**TASK OBJECTIVE:** Write out, without any change, the lines in the material below that run from the line with "Алюминиевый профиль для" through the line with "KONNWEI KW510 Typecar", both included.

**GIVEN RECORDS:**
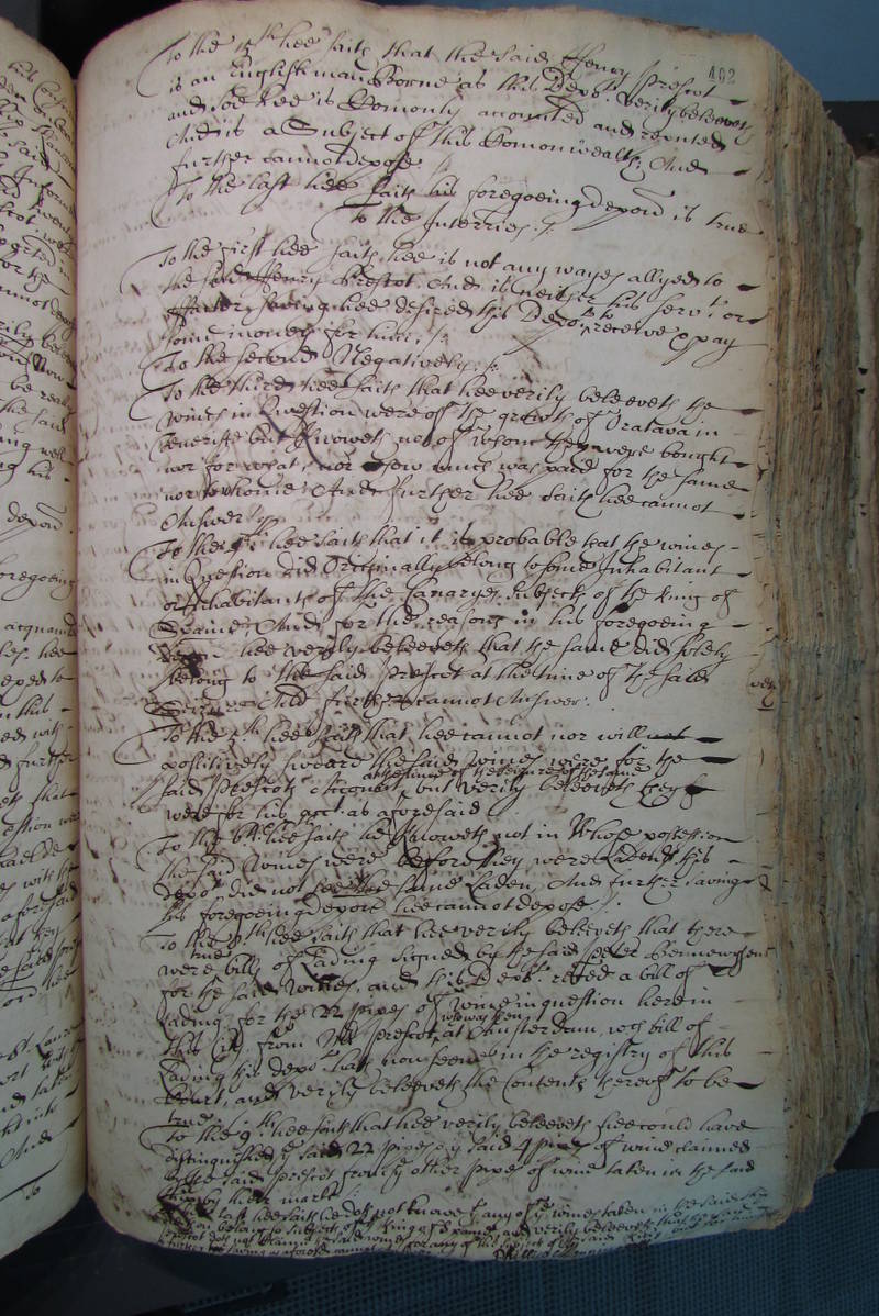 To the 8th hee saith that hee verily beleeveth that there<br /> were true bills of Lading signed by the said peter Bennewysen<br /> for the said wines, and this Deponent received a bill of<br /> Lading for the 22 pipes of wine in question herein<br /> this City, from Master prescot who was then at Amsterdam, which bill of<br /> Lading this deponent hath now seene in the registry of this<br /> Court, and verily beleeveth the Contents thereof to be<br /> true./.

---

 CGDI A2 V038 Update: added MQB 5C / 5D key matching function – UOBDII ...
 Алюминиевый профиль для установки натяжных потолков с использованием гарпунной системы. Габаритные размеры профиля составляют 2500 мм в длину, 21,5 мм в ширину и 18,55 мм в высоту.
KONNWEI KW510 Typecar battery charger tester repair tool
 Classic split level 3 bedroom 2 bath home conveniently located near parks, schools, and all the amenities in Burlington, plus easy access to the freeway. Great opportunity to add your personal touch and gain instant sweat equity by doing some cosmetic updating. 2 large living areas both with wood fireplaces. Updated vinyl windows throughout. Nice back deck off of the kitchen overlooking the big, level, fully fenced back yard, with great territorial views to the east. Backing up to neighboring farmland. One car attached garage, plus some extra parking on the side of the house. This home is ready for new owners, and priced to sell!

...

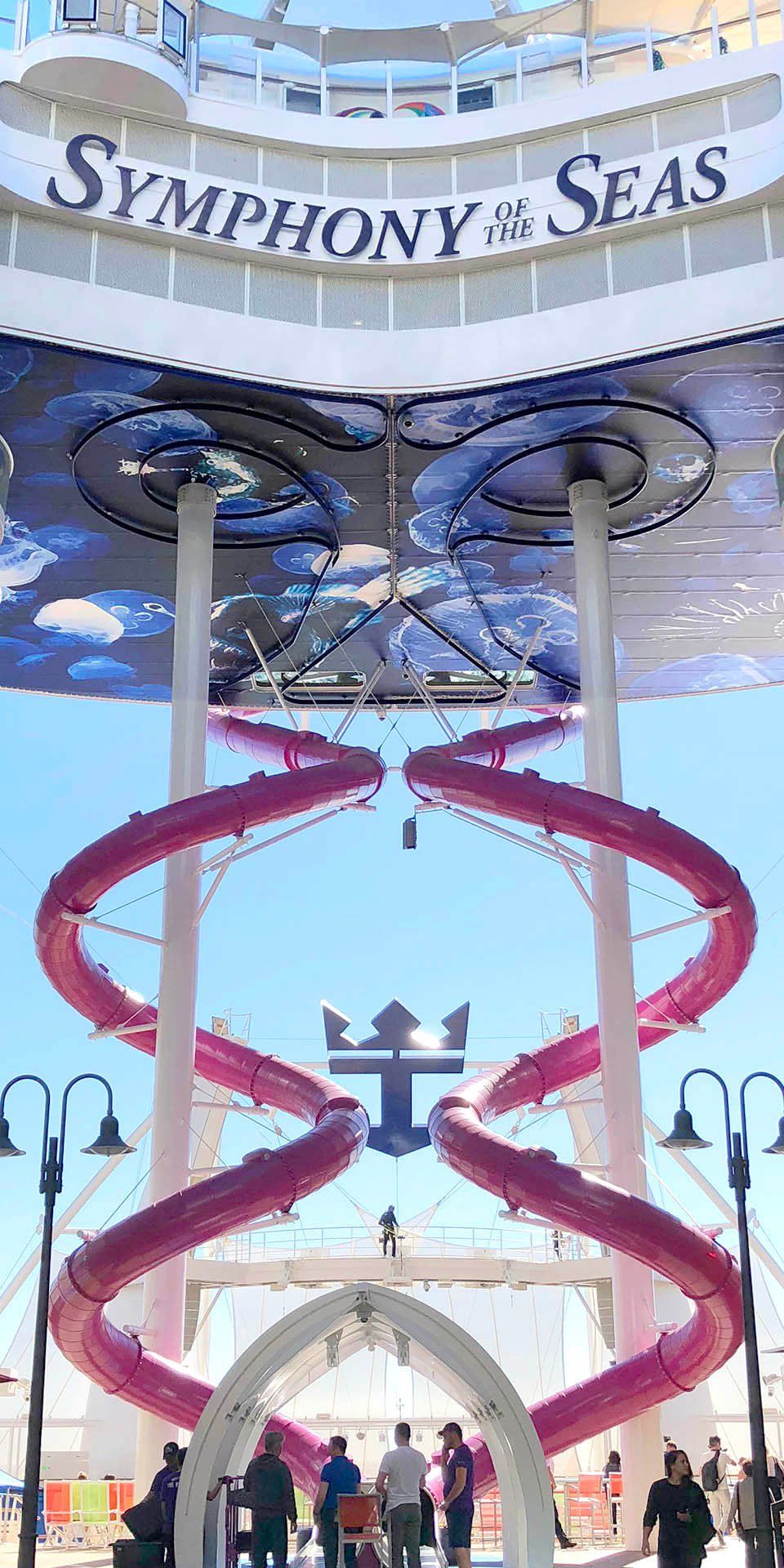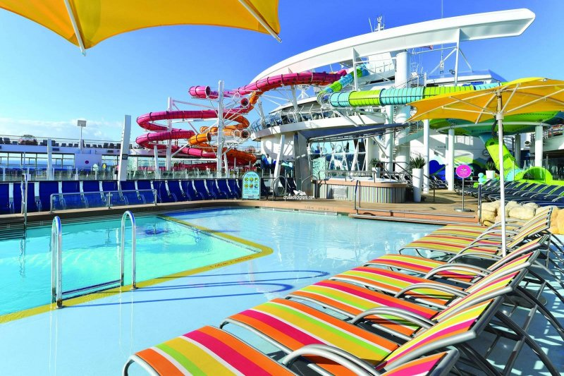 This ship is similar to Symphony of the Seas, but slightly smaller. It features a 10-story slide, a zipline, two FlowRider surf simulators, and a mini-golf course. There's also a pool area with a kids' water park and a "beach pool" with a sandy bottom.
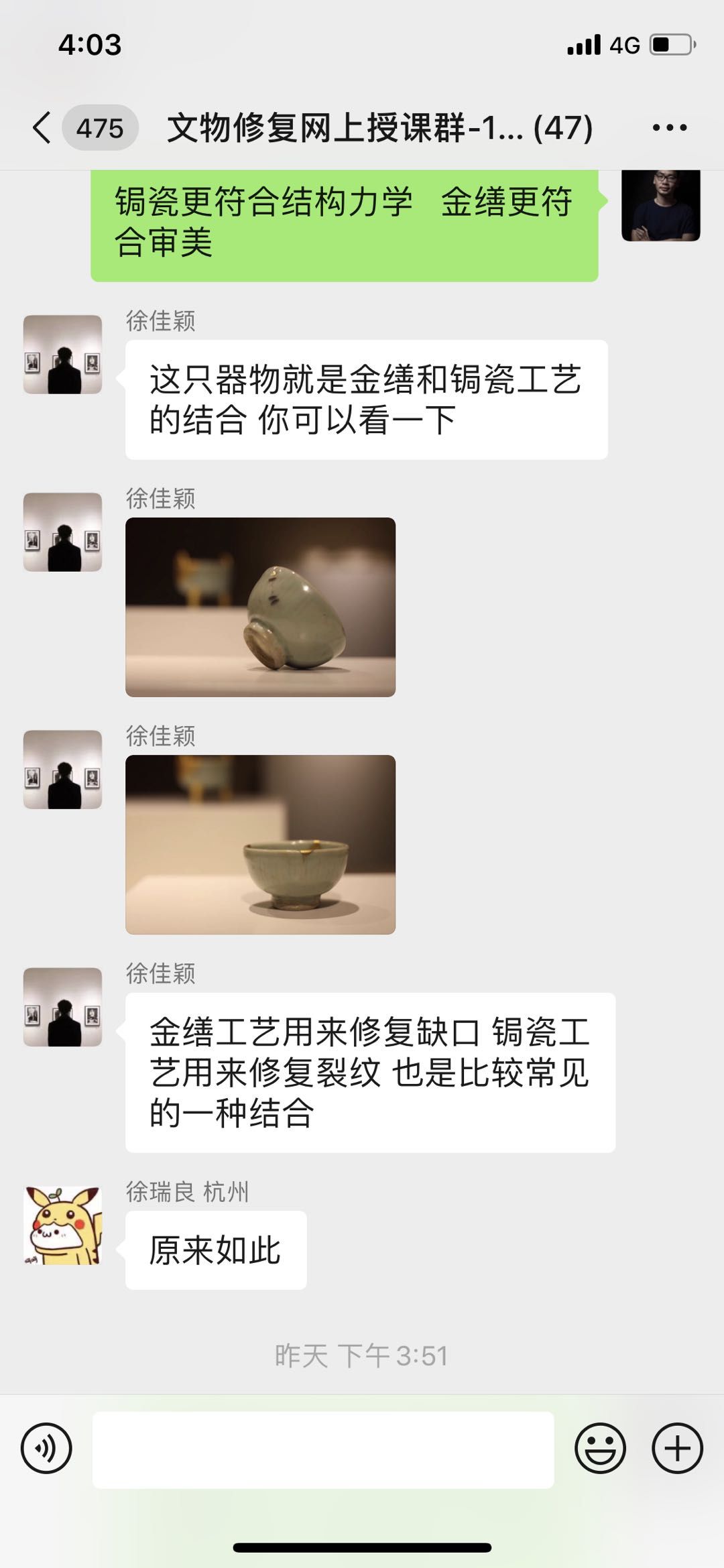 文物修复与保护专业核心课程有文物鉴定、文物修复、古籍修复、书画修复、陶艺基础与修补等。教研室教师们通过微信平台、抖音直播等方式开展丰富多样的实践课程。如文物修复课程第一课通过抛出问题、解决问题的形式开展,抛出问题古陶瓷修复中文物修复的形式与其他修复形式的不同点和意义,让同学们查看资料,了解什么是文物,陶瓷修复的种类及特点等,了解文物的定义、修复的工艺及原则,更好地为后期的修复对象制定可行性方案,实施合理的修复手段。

**THE ANSWER:**
 Алюминиевый профиль для установки натяжных потолков с использованием гарпунной системы. Габаритные размеры профиля составляют 2500 мм в длину, 21,5 мм в ширину и 18,55 мм в высоту.
KONNWEI KW510 Typecar battery charger tester repair tool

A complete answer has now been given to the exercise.